Material to process.

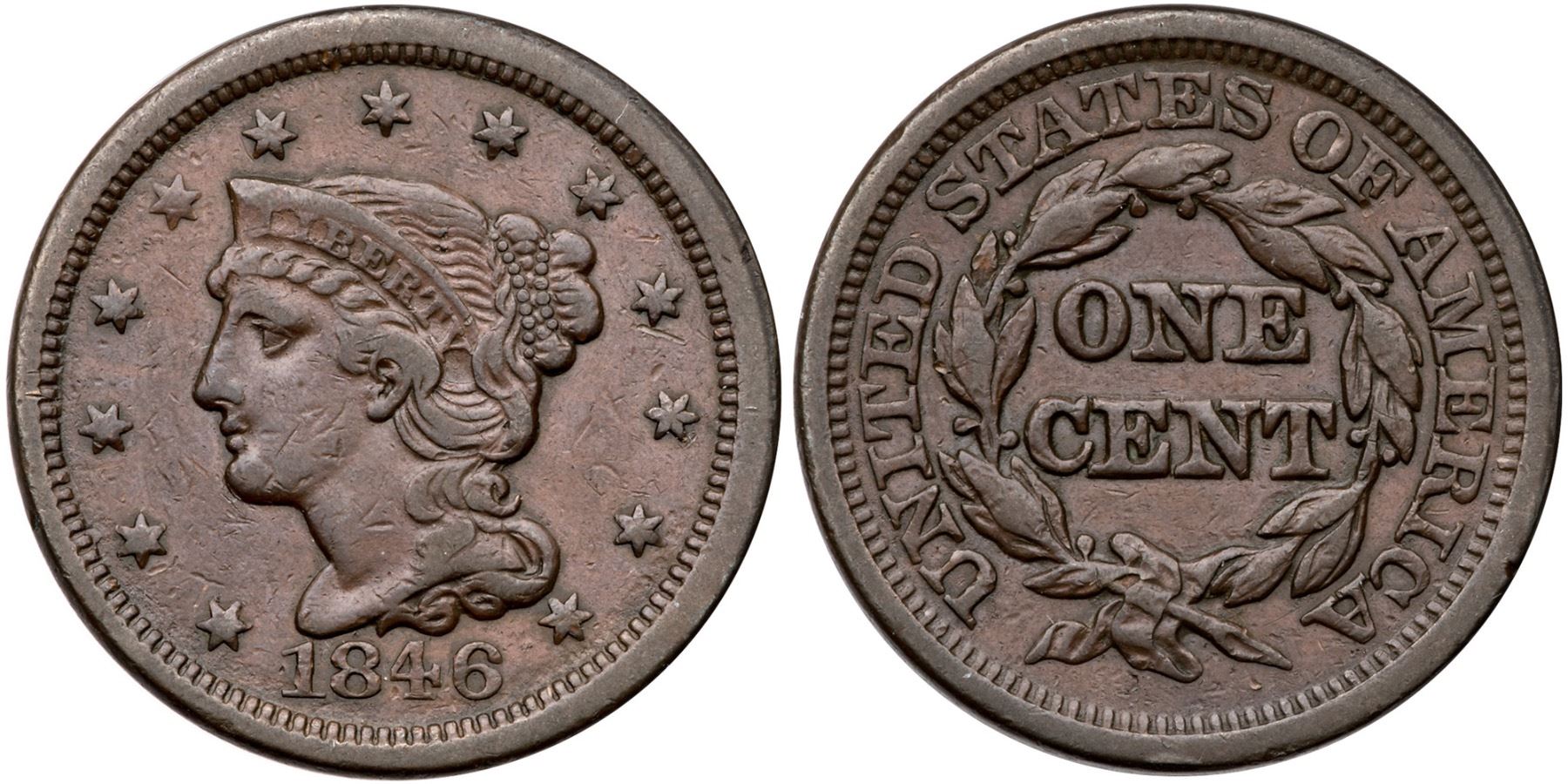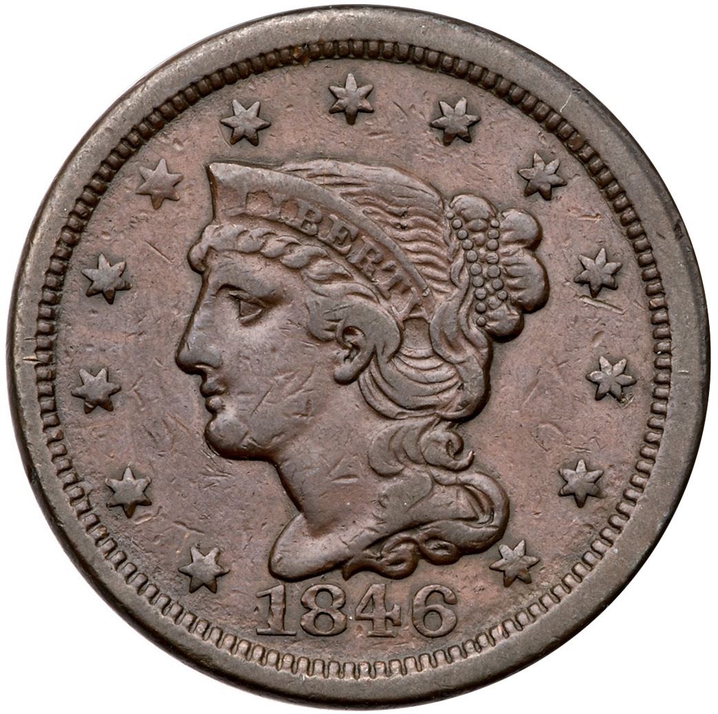 1846 N-10 R-4 F15VF sharpness but there are numerous nicks scattered on the portrait and fields. The most notable include clusters on the cheek and neck, and a rim nick at I in AMERICA. Chocolate brown with light steel on the high points. Smooth surfaces. Ex; Hugh Bodell
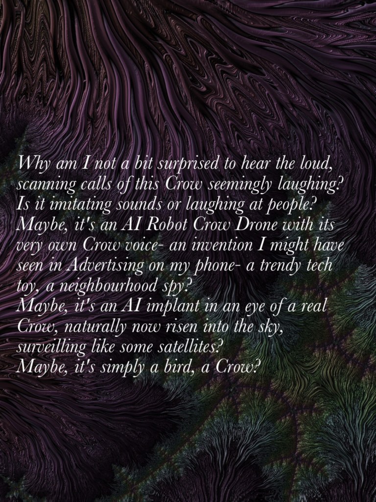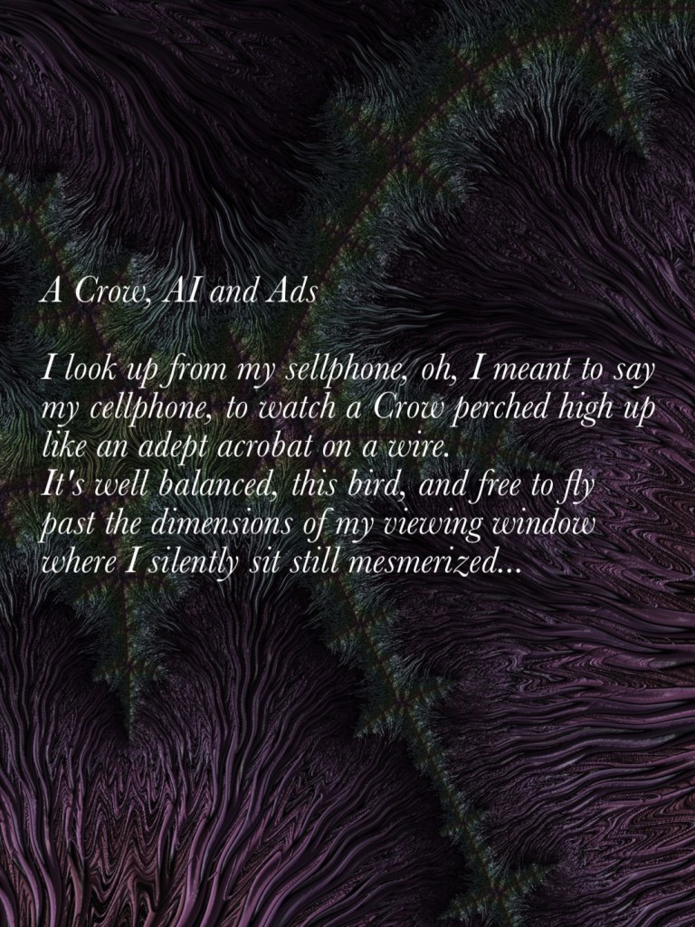 A Crow, AI and Ads April 5, 2025 / Flowerpoet / 4 Comments My poem on Frax captured fractal art images of creative AI Share this: Click to share on Facebook (Opens in new window) Facebook Click to share on Pinterest (Opens in new window) Pinterest Click to share on X (Opens in new window) X Click to email a link to a friend (Opens in new window) Email Click to print (Opens in new window) Print Like Loading...
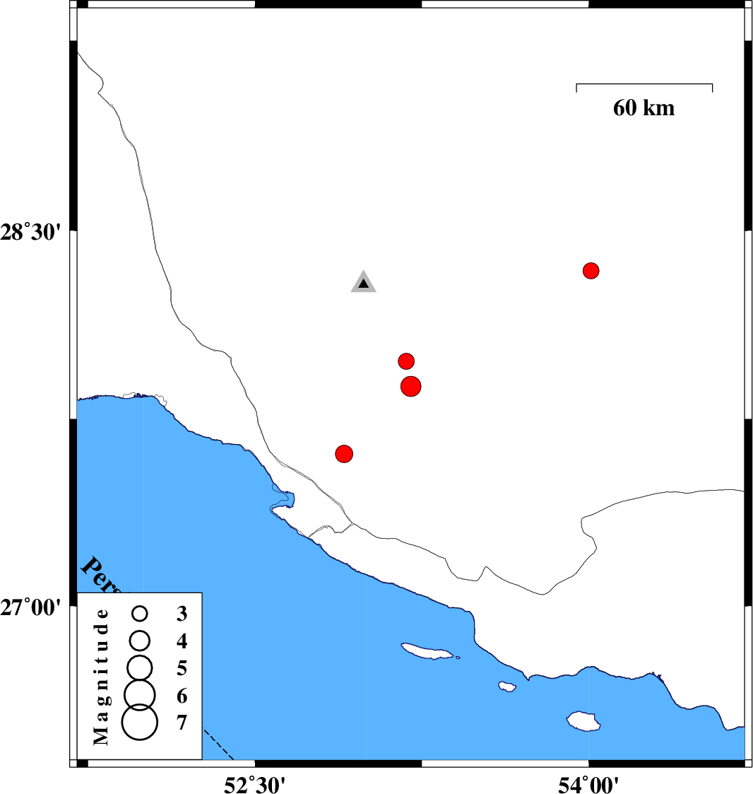 | 2009/08/08 | 06:36:44.8 | 11:06:44.8 | 27.61 | 52.9 | 23 | ML:3.5 | Fars Province, 7 km Mehr |
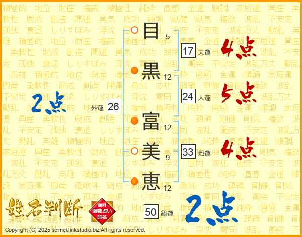 目(5画)黒(12画) 富(12画)美(9画)恵(12画)
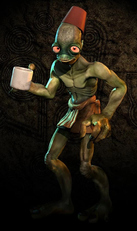 Alf is a Mudokon who Abe first encounters while breaking back into RuptureFarms. He is seen working in a microbrewery in RuptureFarms as a barista until Abe eventually saves him. After being rescued from the treacherous meat factory, Alf is one of the five Mudokons that travels with Abe to Necrum, but falls ill from the thirst-quenching SoulStorm Brew after finding a vending machine. Alf and the other Mudokons are eventually saved by Abe, after which Alf starts Alf's Rehab & Tea to treat many ill-fated Mudokons. Outside of the games, Alf frequently answers letters from fans on the Oddworld website.
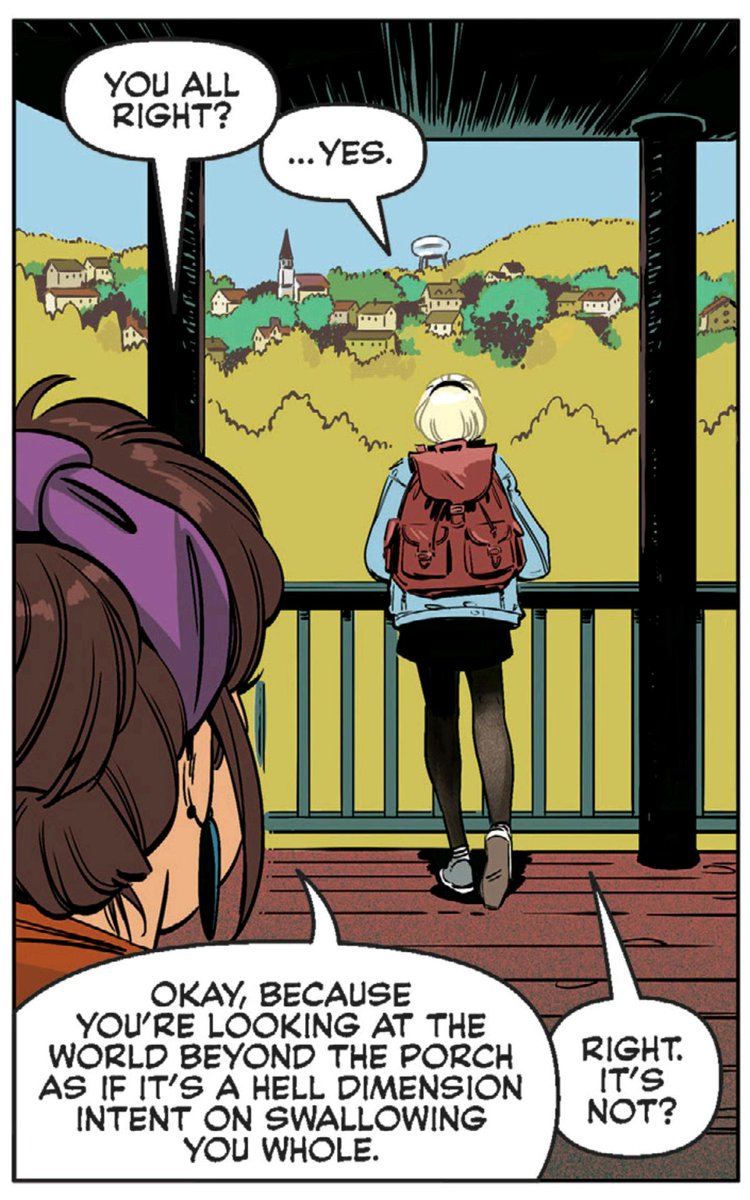 This issue goes a lot heavier on the high-school than the horror, but there are a few moment that suggest how the latter might come out in future issues. These lines of dialogue definitely feel like a statement of intent, pointing to a Buffy-style 'high school is hell' approach.pic.twitter.com/CdXOaeXFwr

What you need to do. The copy must match every line of the data exactly and contain no pictures.

Response area.
 1846 N-10 R-4 F15VF sharpness but there are numerous nicks scattered on the portrait and fields. The most notable include clusters on the cheek and neck, and a rim nick at I in AMERICA. Chocolate brown with light steel on the high points. Smooth surfaces. Ex; Hugh Bodell
 A Crow, AI and Ads April 5, 2025 / Flowerpoet / 4 Comments My poem on Frax captured fractal art images of creative AI Share this: Click to share on Facebook (Opens in new window) Facebook Click to share on Pinterest (Opens in new window) Pinterest Click to share on X (Opens in new window) X Click to email a link to a friend (Opens in new window) Email Click to print (Opens in new window) Print Like Loading...
 | 2009/08/08 | 06:36:44.8 | 11:06:44.8 | 27.61 | 52.9 | 23 | ML:3.5 | Fars Province, 7 km Mehr |
 目(5画)黒(12画) 富(12画)美(9画)恵(12画)
 Alf is a Mudokon who Abe first encounters while breaking back into RuptureFarms. He is seen working in a microbrewery in RuptureFarms as a barista until Abe eventually saves him. After being rescued from the treacherous meat factory, Alf is one of the five Mudokons that travels with Abe to Necrum, but falls ill from the thirst-quenching SoulStorm Brew after finding a vending machine. Alf and the other Mudokons are eventually saved by Abe, after which Alf starts Alf's Rehab & Tea to treat many ill-fated Mudokons. Outside of the games, Alf frequently answers letters from fans on the Oddworld website.
 This issue goes a lot heavier on the high-school than the horror, but there are a few moment that suggest how the latter might come out in future issues. These lines of dialogue definitely feel like a statement of intent, pointing to a Buffy-style 'high school is hell' approach.pic.twitter.com/CdXOaeXFwr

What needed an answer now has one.